Do you know how, after you’ve bought a Ford, you see nothing but Fords on the road? Or how, having purchased a certain pair of sandals, you see them on everyone else’s feet?
It’s kind of like that for me – in an upside down sorta way.
I don’t have a houseful of nine year olds; my daughters are not quite six and seven. But I have Anna Vivian, and so I see nine year olds.
I miscarried Anna at the beginning of my second trimester. Had she lived, we’d celebrate her ninth birthday right around Mother’s Day.
God graciously stepped me through the most heart-rending parts of my grief. So my days are not consumed with “what-ifs.” But I do think often about Anna Vivian. And every year between Easter and Mother’s Day, I wonder – and notice – more. What would make her laugh? Which “smarts” would be her strengths? Who would she befriend? Since she’d be the eldest, how would Rachel be as a middle child? Would Abbie be different as the youngest of three? How would they all get along? How would I differ as a mom?

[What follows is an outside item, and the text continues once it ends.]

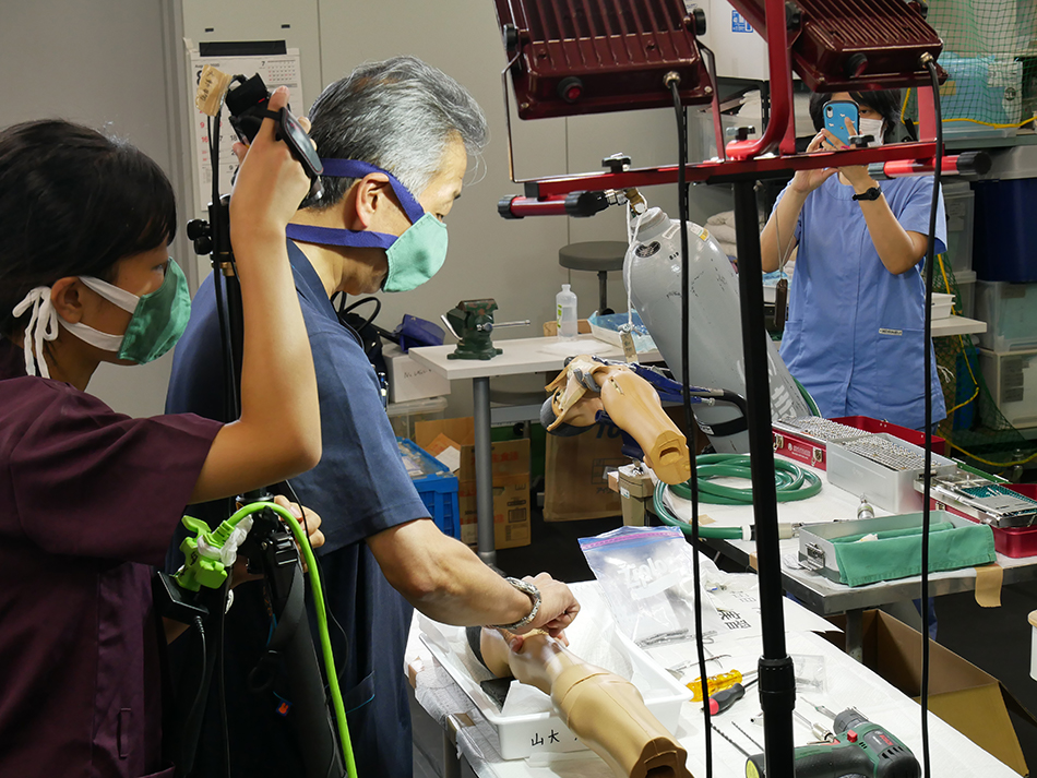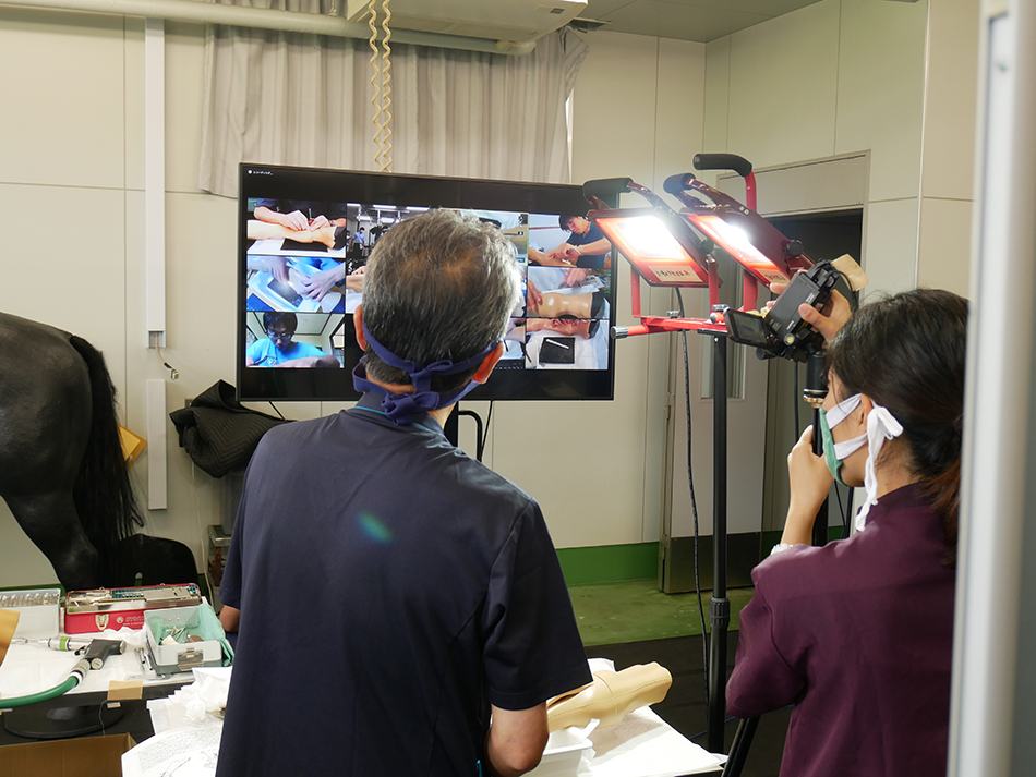 昨年度は受講者が大学に来て、対面で実習を行いましたが、今年度は新型コロナウイルス感染症対策として遠隔で実施をしました。受講者にあらかじめ模型等の実習キットを送付し、受講者は自宅からPC等で講師の実演を見て、指導を受けながら馬の脚の骨折処置などの実習を、模型を使って行いました。

Truth be told, when I ponder such questions and when – this year – I seem surrounded by nine-year olds, I do long for Anna’s presence with us. I used to feel bad about that, as if it meant I hadn’t finished mourning or that I wasn’t relying on God enough.
But now I know better. To miss my daughter does not represent a lack of faith. In fact, I’m secure in the knowledge that she is with God and that she is at peace. And missing her is certainly not sinful.
It’s just human. She was physically part of me for 13 weeks. Emotionally, she is with me forever. I cannot help her with math, soothe a skinned knee, or kiss her goodnight. But I wish I could. And that’s okay.
If you’ve lost a child, I hope you know that. I hope you embrace thoughts and memories of your little boy or girl – whether that brings smiles or tears. And I hope you can celebrate that child as much as any other.